29. How should I shard Spice for very large multi-tenant workloads?​

Shards are independent groups of Spice instances, each with its own Spicepod configuration. Strategies that scale well:

  • Bucket multiple tenants per shard using a deterministic bucket UDF (e.g. bucket(org_id, N)) instead of one partition per tenant. ACLs are still enforced at query time, and operational complexity is bounded by N rather than tenant count.
  • Use acceleration partitioning to control physical layout within a shard.
  • Manage shards declaratively with the Enterprise Operator using SpicepodSet (and SpicepodCluster for distributed query) with rollout strategies, mTLS, and OIDC.

See the Sharded deployment architecture for guidance, and Multi-Tenancy for AI Agents without the Pipelines for a multi-tenant blueprint.

30. Which secret stores does Spice support?​

Spice supports Kubernetes Secrets, AWS Secrets Manager, Azure Key Vault, environment variables, and the local OS keyring. See the secret stores overview for configuration and selectors.

Additional secret backends — including HashiCorp Vault — are tracked as planned additions. Open or upvote an issue at github.com/spiceai/spiceai to influence prioritization.

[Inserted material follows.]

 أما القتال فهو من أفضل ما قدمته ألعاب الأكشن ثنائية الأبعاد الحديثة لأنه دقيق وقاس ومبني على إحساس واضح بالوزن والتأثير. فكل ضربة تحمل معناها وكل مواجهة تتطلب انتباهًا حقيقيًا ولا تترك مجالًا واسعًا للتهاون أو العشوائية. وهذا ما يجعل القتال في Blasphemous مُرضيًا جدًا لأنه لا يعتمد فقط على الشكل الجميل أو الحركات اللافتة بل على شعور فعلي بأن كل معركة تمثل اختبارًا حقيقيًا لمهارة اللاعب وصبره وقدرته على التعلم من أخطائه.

31. How does Spice handle data privacy and compliance?​

Spice provides secure, auditable data access through sandboxed runtimes, secure endpoint checks, and detailed telemetry and tracing. The Spice Cloud Platform (SCP) is SOC 2 Type II compliant, meeting enterprise security and compliance requirements. See the Production Readiness guide for hardening recommendations.

32. Can Spice integrate with existing BI tools?​

Yes. Spice integrates with BI tools through standard SQL interfaces (ODBC, JDBC, Arrow Flight SQL), enabling accelerated, real-time analytics for dashboards and reporting. An official Tableau Connector is available and a BI Acceleration demo using Apache Superset.

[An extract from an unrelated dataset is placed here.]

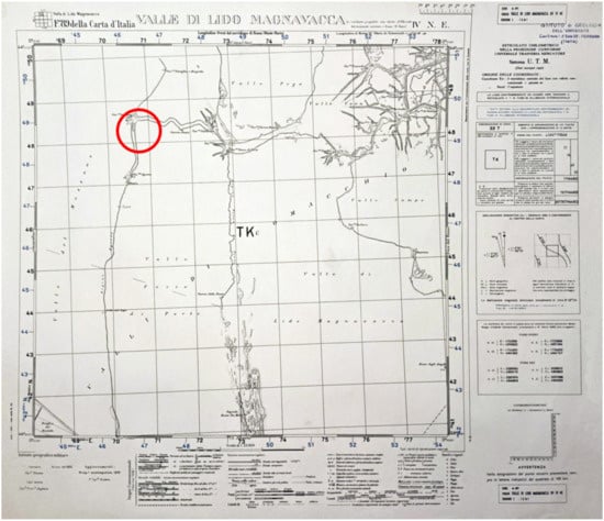 The 1949 IGM aerial photos, in particular the Frame: 52, Swipe: 11, Sheet: 77, Location: 1949, Date: 11 July 1949, Elevation: 3600, Scale: 18,000, and the Map IGM F89 IV NE, 1935, Valle Lido Magnavacca, document the morphology of the river in the first half of the last century, subsequently rectified west–east for the construction of the Fosse drainage complex: the residue of the river shows a meandering path in the direction of a mouth (Figure 19).

33. Where can developers find examples and recipes?​

The Spice.ai Cookbook provides over 65 quickstarts and examples demonstrating Spice capabilities, including federated queries, RAG, text-to-SQL, and more.

34. How can developers get started quickly?​

Visit the Spice.ai Getting Started Guide to install Spice, connect data sources, and begin querying. Spice installs the GPU-accelerated runtime by default (if supported).

35. How can developers contribute to Spice?​

Developers can contribute by submitting code, documentation, or raising issues on GitHub. See CONTRIBUTING.md for guidelines.